## To do:
Nothing outside the range is to be copied. From the entries below, reproduce exactly the lines starting at the one with "The She Dress" and ending at the one with "安卓Q区:可二次实名 英雄132 皮肤324 1典藏4神话42传说164史诗 璀璨钻石Ⅰ", without pictures.

## Entries supplied:
┌──

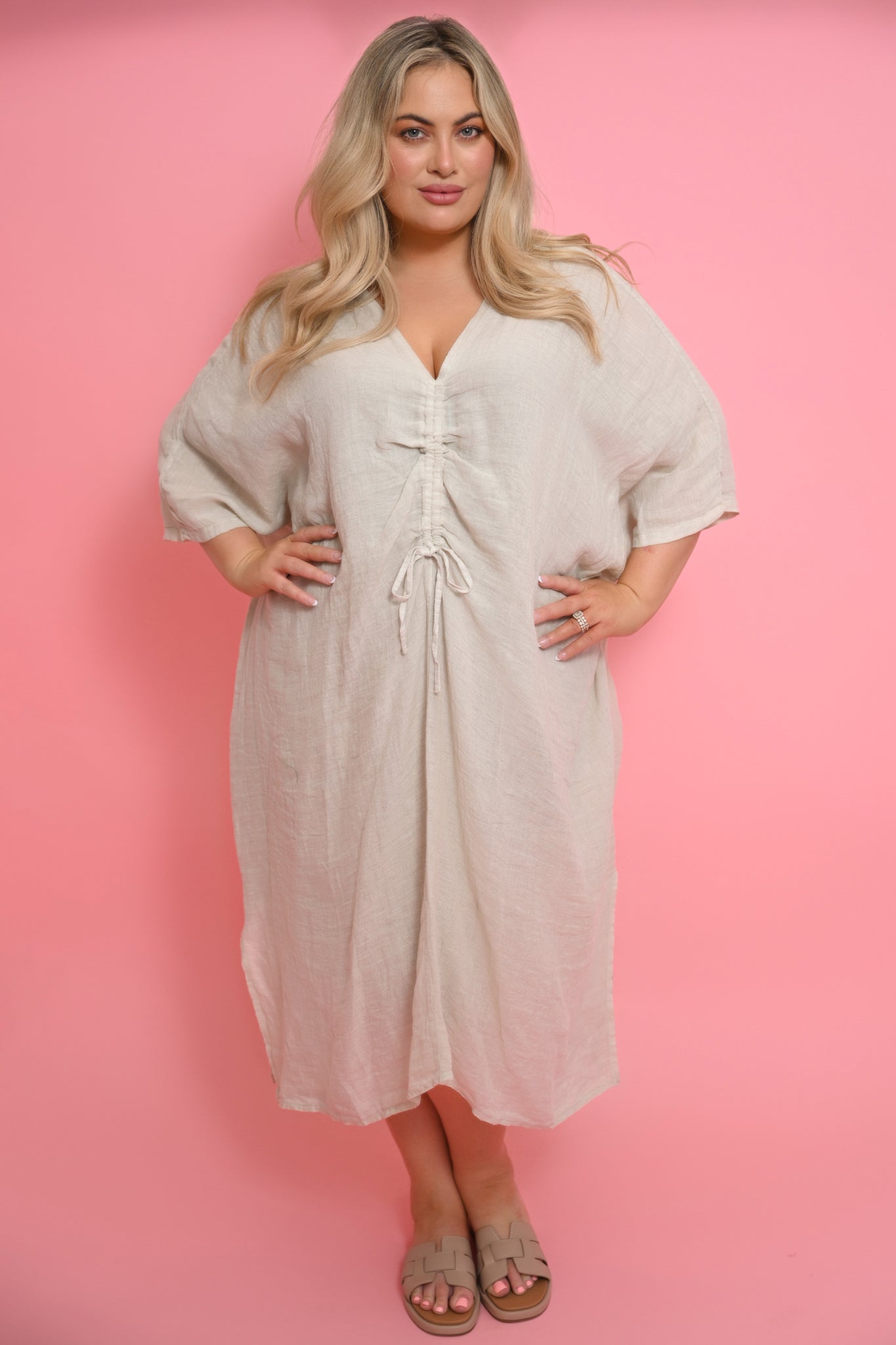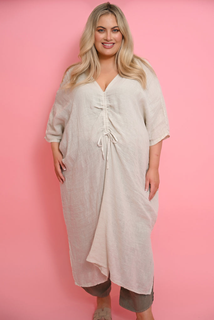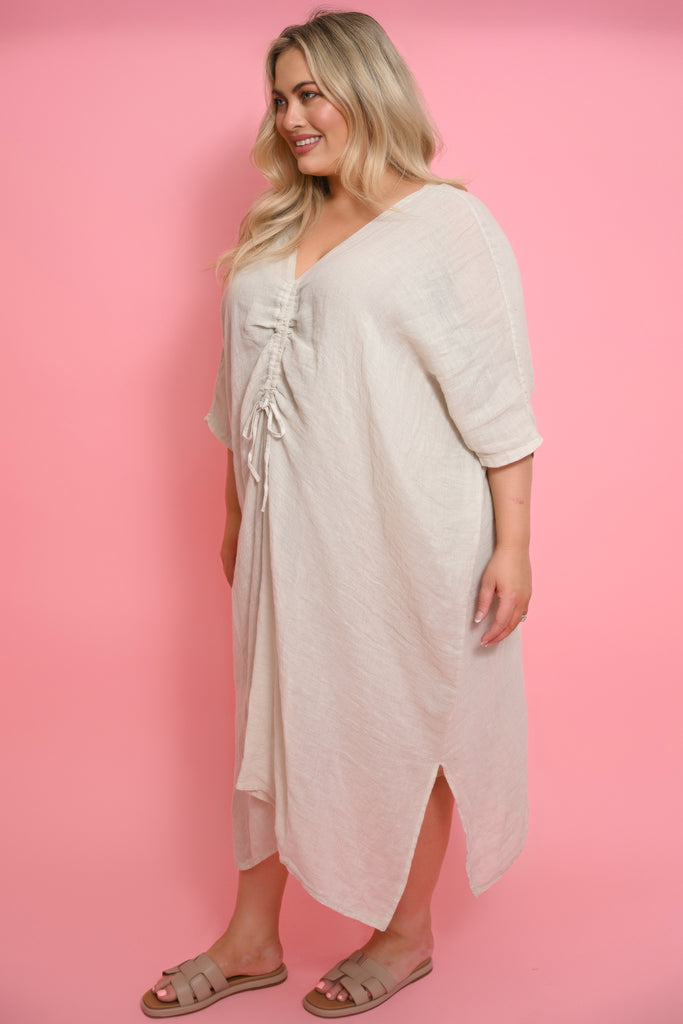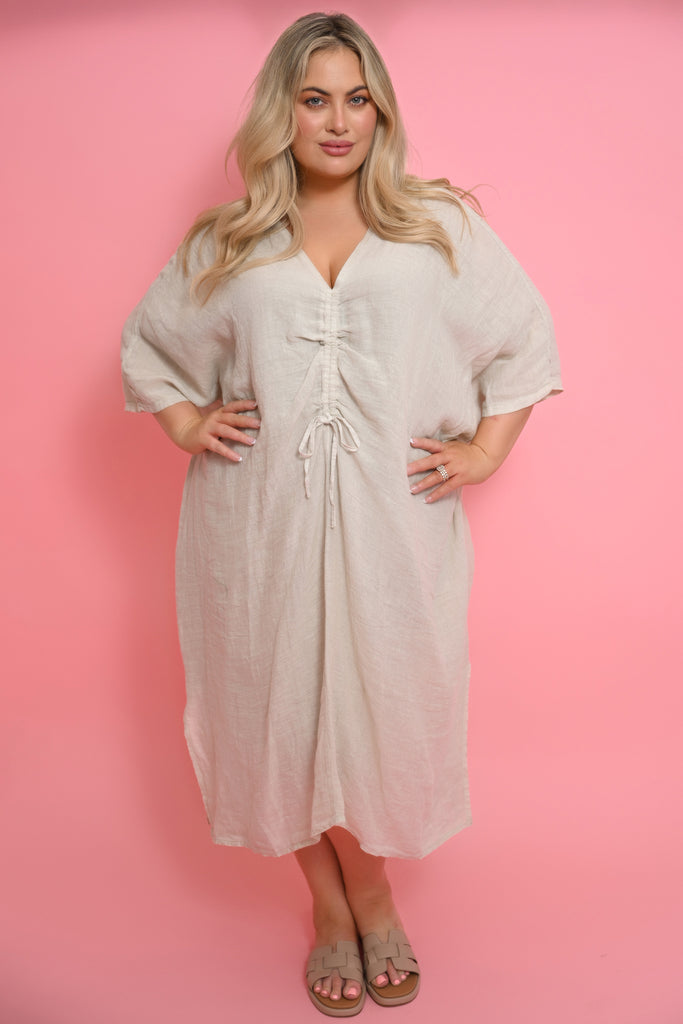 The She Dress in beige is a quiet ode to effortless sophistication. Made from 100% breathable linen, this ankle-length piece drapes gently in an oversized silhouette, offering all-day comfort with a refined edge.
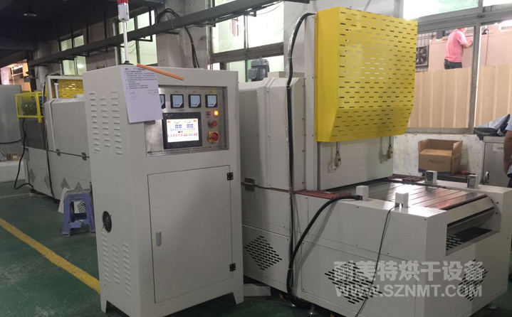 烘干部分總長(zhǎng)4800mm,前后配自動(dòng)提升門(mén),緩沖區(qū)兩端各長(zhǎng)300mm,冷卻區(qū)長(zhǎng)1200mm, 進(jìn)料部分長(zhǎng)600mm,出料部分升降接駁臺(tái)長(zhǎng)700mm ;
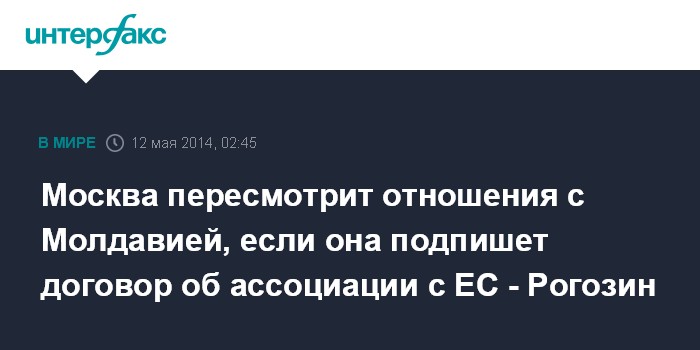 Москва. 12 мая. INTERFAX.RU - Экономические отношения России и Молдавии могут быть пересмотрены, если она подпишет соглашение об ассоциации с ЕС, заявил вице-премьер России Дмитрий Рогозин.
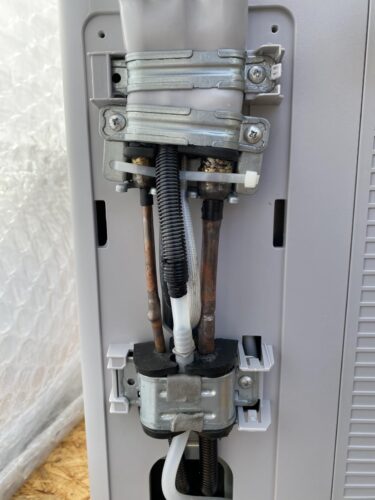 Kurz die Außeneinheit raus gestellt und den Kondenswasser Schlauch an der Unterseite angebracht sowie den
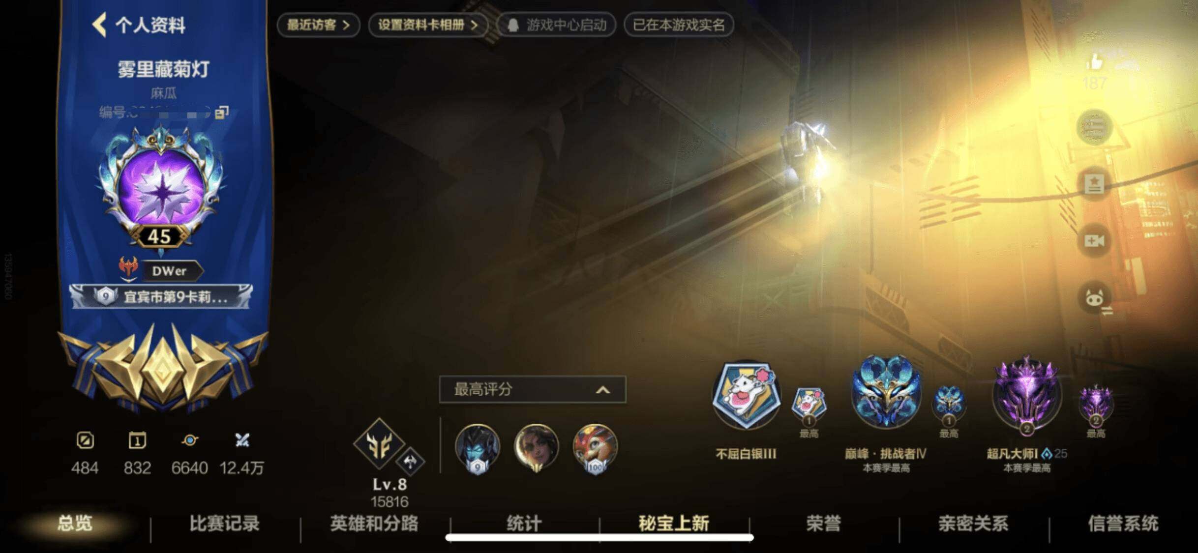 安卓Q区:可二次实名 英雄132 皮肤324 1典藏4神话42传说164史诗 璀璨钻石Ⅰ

└──
┌──

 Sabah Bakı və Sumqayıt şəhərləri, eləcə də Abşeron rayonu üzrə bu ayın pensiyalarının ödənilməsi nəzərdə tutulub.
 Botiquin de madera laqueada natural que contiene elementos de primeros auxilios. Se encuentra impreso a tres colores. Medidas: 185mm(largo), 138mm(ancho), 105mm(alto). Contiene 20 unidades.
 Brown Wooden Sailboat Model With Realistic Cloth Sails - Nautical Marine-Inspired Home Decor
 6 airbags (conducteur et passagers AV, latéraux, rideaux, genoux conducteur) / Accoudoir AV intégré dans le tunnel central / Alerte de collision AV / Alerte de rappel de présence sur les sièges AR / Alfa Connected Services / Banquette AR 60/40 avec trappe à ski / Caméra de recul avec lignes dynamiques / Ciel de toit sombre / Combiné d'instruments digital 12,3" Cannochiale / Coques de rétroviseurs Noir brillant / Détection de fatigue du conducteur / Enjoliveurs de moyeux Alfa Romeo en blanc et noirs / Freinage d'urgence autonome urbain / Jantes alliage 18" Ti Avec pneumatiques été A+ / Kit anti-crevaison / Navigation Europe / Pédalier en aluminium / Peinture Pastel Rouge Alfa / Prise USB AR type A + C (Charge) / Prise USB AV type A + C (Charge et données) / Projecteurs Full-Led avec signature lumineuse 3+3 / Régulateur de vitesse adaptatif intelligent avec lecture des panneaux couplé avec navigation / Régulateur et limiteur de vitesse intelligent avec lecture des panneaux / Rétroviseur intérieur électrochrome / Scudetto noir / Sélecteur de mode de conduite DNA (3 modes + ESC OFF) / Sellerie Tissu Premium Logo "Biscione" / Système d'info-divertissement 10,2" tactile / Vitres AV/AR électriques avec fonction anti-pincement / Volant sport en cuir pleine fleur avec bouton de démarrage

└──
┌──

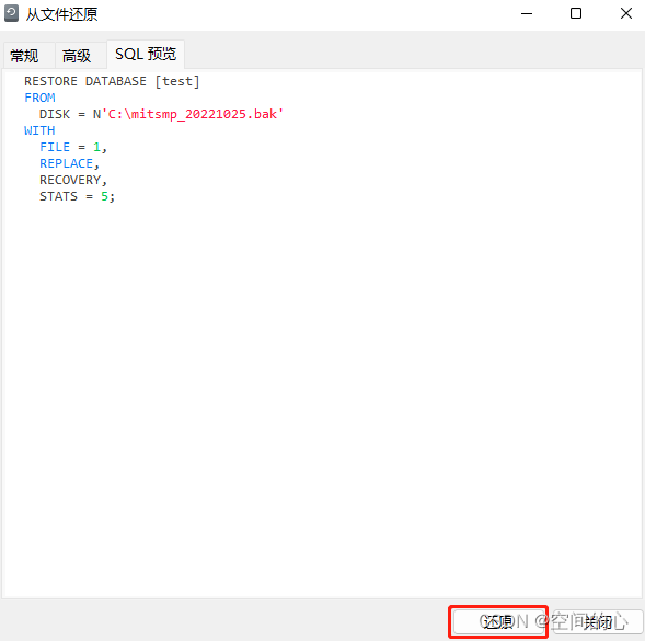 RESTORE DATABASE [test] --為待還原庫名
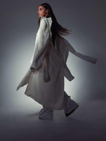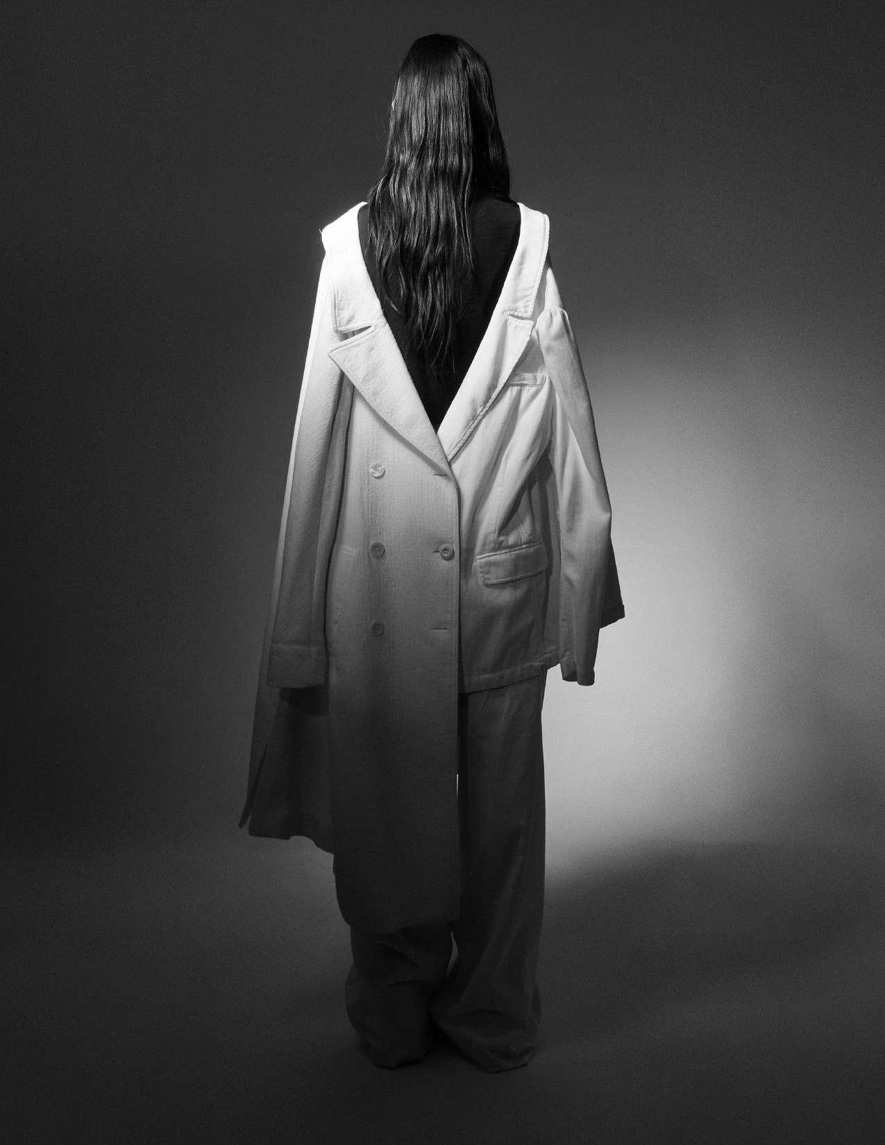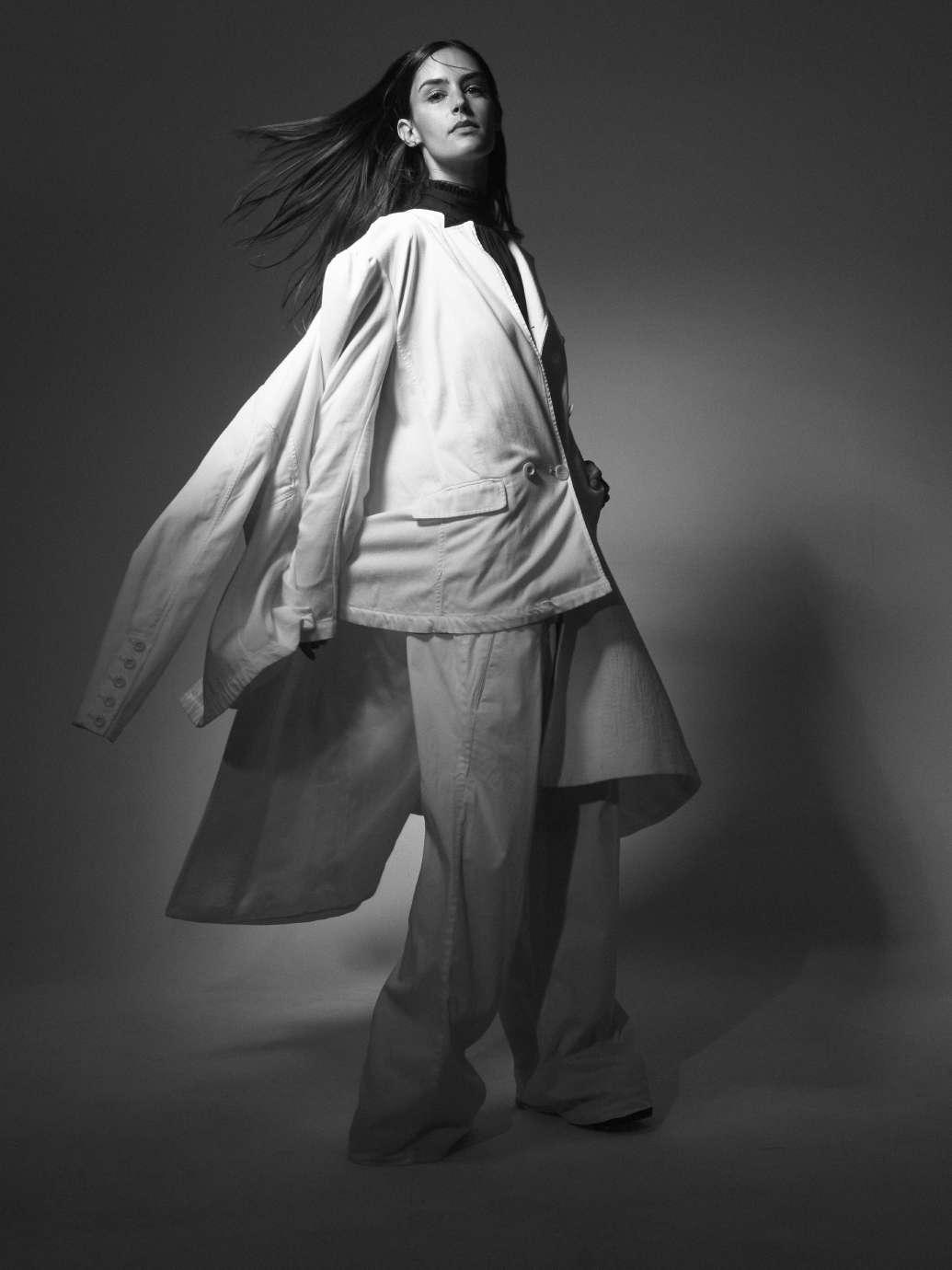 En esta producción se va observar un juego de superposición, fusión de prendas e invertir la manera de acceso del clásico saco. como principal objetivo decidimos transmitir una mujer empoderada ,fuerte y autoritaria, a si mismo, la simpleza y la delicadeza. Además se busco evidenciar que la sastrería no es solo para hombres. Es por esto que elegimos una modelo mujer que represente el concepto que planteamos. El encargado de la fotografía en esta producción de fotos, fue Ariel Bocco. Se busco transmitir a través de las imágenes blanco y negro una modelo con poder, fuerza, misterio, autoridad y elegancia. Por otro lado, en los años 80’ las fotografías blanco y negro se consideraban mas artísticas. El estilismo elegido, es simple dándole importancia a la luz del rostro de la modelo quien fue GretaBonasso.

└──

## Solution:
 The She Dress in beige is a quiet ode to effortless sophistication. Made from 100% breathable linen, this ankle-length piece drapes gently in an oversized silhouette, offering all-day comfort with a refined edge.
 烘干部分總長(zhǎng)4800mm,前后配自動(dòng)提升門(mén),緩沖區(qū)兩端各長(zhǎng)300mm,冷卻區(qū)長(zhǎng)1200mm, 進(jìn)料部分長(zhǎng)600mm,出料部分升降接駁臺(tái)長(zhǎng)700mm ;
 Москва. 12 мая. INTERFAX.RU - Экономические отношения России и Молдавии могут быть пересмотрены, если она подпишет соглашение об ассоциации с ЕС, заявил вице-премьер России Дмитрий Рогозин.
 Kurz die Außeneinheit raus gestellt und den Kondenswasser Schlauch an der Unterseite angebracht sowie den
 安卓Q区:可二次实名 英雄132 皮肤324 1典藏4神话42传说164史诗 璀璨钻石Ⅰ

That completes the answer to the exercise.